World going a bit wrong.

But enough of that, let’s talk about me.

Only kidding. I can’t be arsed.

So as it stands North Korea is still getting ready to launch some kind of nuke – possibly the nuclear equivalent of a spoon, but nonetheless, fucking nuke! Fuck! Panic!

We have also buried, at mind-boggling extravagance, an old lady who used to be famous but who by all accounts was just a bit racist in her latter years. And it was on telly. And the radio. And there was a webcast. And they closed roads. And put up signs. So that was rational.

Then somebody blew up some pressure cookers in Boston, which, like all bombings, was an utterly heinous and low act. It has also highlighted that the word ‘terrorism’ has now been so successfully hijacked to mean ‘brown people what wear dresses and have beards like’ that the President of the United States has to refrain from using it when an act of blatant terrorism – in the true sense – is carried out by somebody who might not be a Muslim.

It’s genuinely remarkable that the new conception of terrorism is totally reliant on the dichotomy of western democracy and fundamentalist Islam, of ‘us’ and ‘them’, and highlights just one of the many attempts to hegemonise the language of terror, and thereby create justification and truth (read: get away with anything), committed by western powers since 9/11.

Oh and scores of Iranians died in an Earthquake yesterday but nobody cares for the exact reason listed above.

Well that was fucking bleak wasn’t it? I bet you were expecting something funny, or at least something with funny pictures to hide the lack of content. Sorry. I’ll try harder next time.

It’s just that I got hit in the leg by a softball (misleading title, it transpires they’re actually made of hard) tonight, which has put me into a cynical mood. I’ll probably have an ice cream tomorrow and then write at length about how great the world is.

I think I’m quite fickle.

To apologise for this particularly wank post, here is a link to a blog with pictures of otters. It is both amusing and quite high brow.

And here is a link to some Irish people lampooning songs by taking the lyrics literally, with hilarious results.

“Ok, but don’t get it on my hair.”

HA. Funny.



Elderly woman dies

How much more coverage do we need?

And before you start, this is not a post about the death of Margaret Thatcher, it’s a post about all the articles about the death of Margaret Thatcher. So that smell is not hypocrisy, ok?

So to summarise the main news of the day, an 87-year old lady has sadly died of a stroke. And the country has lost its shit about it.

The BBC had a live blog going by about 10am. A live blog. For the death of an octogenarian. A headline would probably have done, given that the person was formerly of some note. A live blog implies developments – uncertain events unfolding at great pace, with people allowed to text in their completely irrelevant thoughts on the matter.

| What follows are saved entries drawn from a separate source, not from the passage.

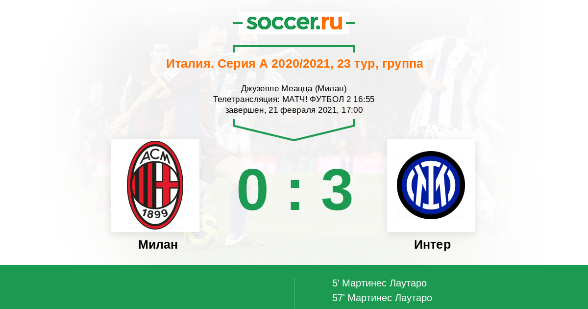 Милан, Джузеппе Меацца Телетрансляция: МАТЧ! ФУТБОЛ 2 16:55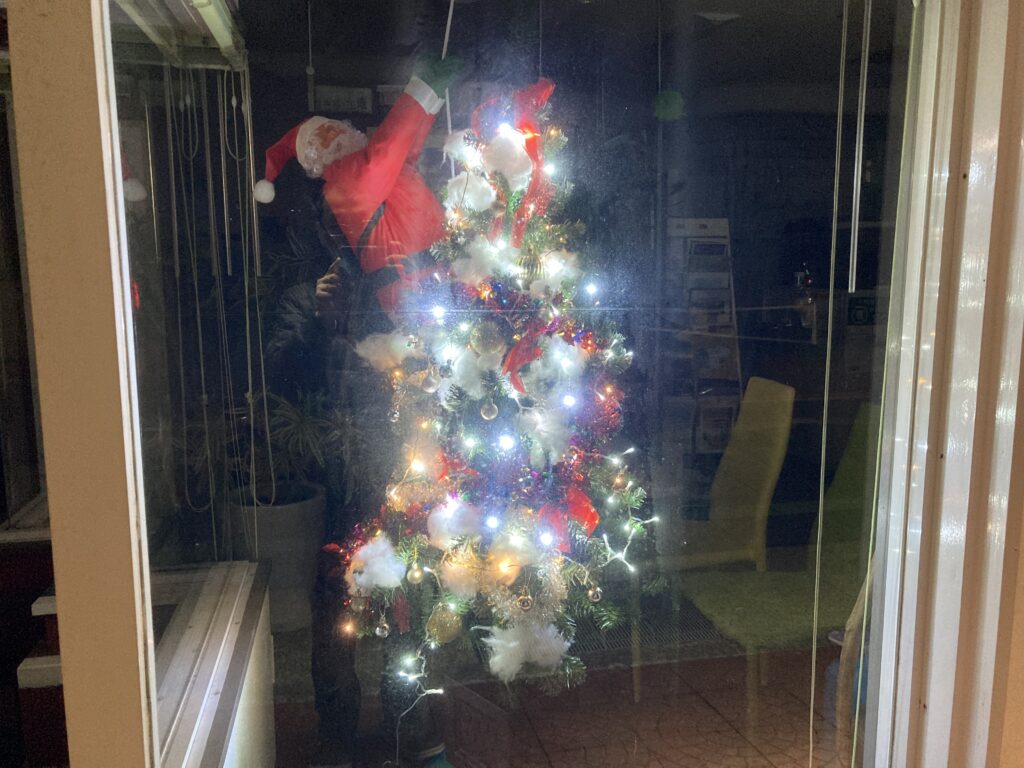 店頭にクリスマスツリーを飾ってみました!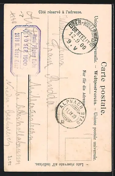 alte Ansichtskarte, gelaufen 1900, Briefmarke entfernt, guter Zustand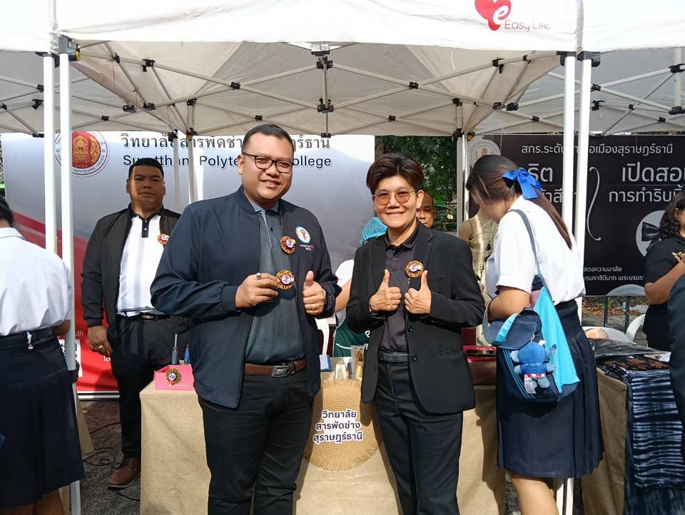 - โดยมีการจัดบูธหลักสูตรระยะสั้น ซึ่งดำเนินการโดยคณะครูและบุคลากรทางการศึกษาวิทยาลัยสารพัดช่างสุราษฎร์ธานี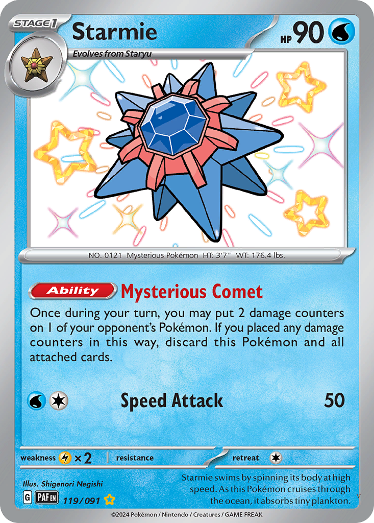 Starmie swims by spinning its body at high speed. As this Pokémon cruises through the ocean, it absorbs tiny plankton.
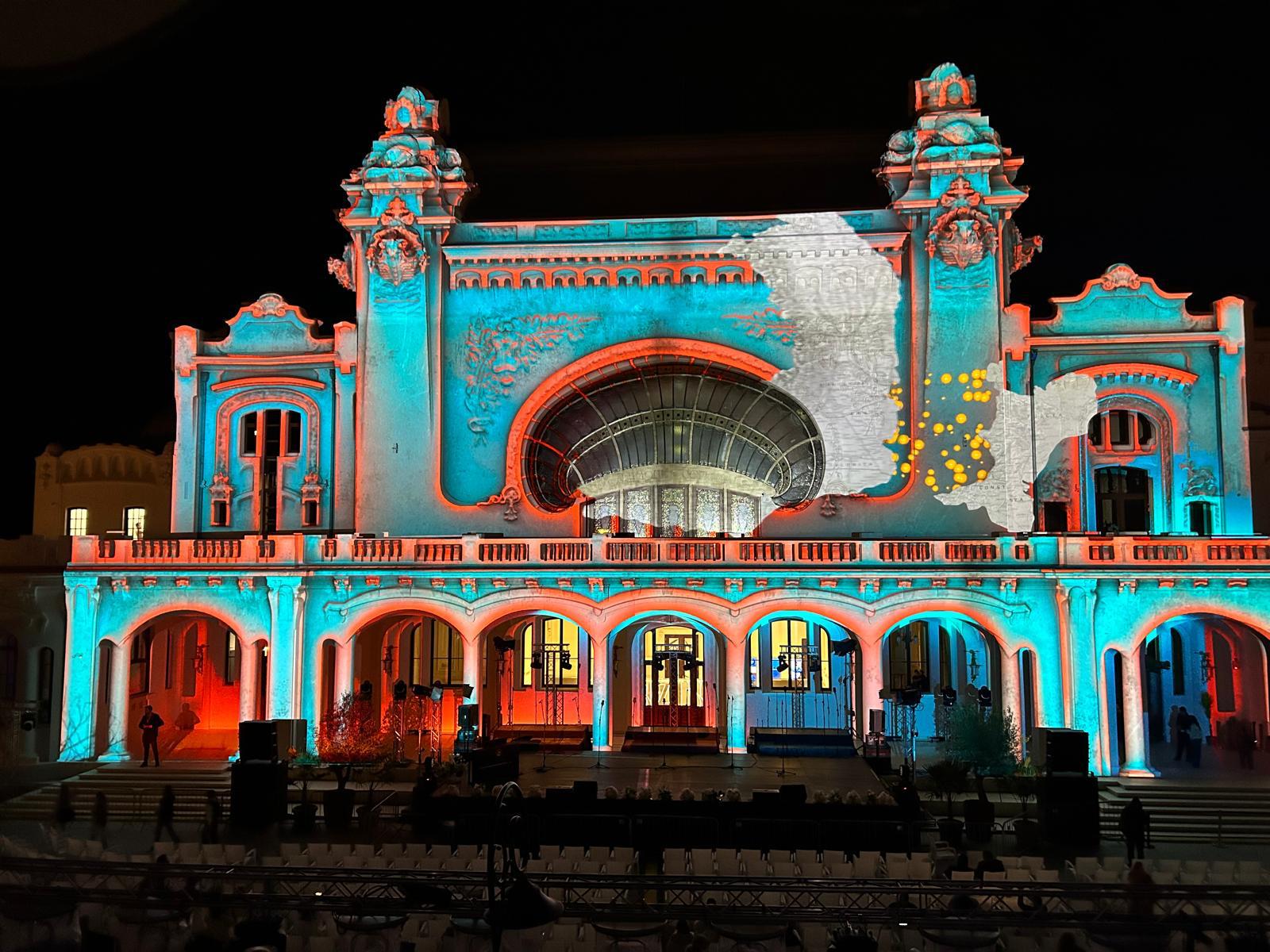 La lăsarea serii, clădirea Cazinoului și-a spus singură povestea tumultoasă printr-o proiecție de video mapping spectaculoasă realizată în parteneriat cu One Night Gallery, Les Ateliers Nomad și MINA Museum.

If we were expecting a resurrection, or perhaps the start of a terrifying Thatcher-zombie epidemic, that would have warranted a live blog. This did not. What else can they write apart from hourly updates involving variations on ‘she’s still dead’?, with Wayne from Hartlepool tweeting in to say ‘I think it is bad/good that she is dead’.

Did wear awesome jumpers though.

Did wear awesome jumpers though.

The Guardian have immediately ploughed in with a pretty low, thinly-veiled hatchet job containing the least genuine use of the phrase ‘there should be no dancing on her grave’ ever committed to paper.

If you flick over to the Telegraph you would be forgiven for thinking that Princess Diana had come back to life and then died again.

I presume the Mail has stopped working altogether, or else tomorrow’s edition will just be a small bucket of tears and semen.

Eww. Sorry. Too far. I apologise, I’m in a fairly ropey mood anyway after playing football tonight and having to mark my boss; which was a lot like marking a racehorse. My legs hurt.

Also, all of the TV networks seemed to have Thatcher memorial shows cut and ready to air by 7pm, which is a wee bit sick. The BBC one was voiced by Andrew Marr – you somehow doubt that was filmed too recently unless his powers of recovery are phenomenal.

If I knew that somebody had already lined up a show about my death whilst I was still alive I think I’d probably do something drastic like get a swastika tattooed on my chin, or punch a nun, just to show the presumptuous tossers.

All this bullshit, this torrent of love and hate, hyperbole and hysteria, is just wrong. It’s irrelevant. It’s hypocritical and it’s demeaning to everybody.

This whole practice of forgetting about people until the very moment they stop breathing defies logic, and makes us all look a bit petty.

Old lady dies. Pay respects. Move on.


Lies are the new truth, say various powerful people

The difference between telling the truth and telling an outright lie is much less clear-cut than once presumed, it has been claimed.

Whereas previously one would make a blatantly false statement and somebody else would turn round and say ‘That is a lie’, and one would have to accept that it was a lie, possibly resulting in a lengthened nose, the new trend is to simply repeat lies loudly and often in the hope that everybody will just give up arguing and say ‘Fine, it isn’t a lie’.

Way ahead of his time.

Way ahead of his time.

Politicians, who count amongst their ranks some of the premier trailblazers of the ‘true lie’ movement, have offered out a couple of excellent examples today.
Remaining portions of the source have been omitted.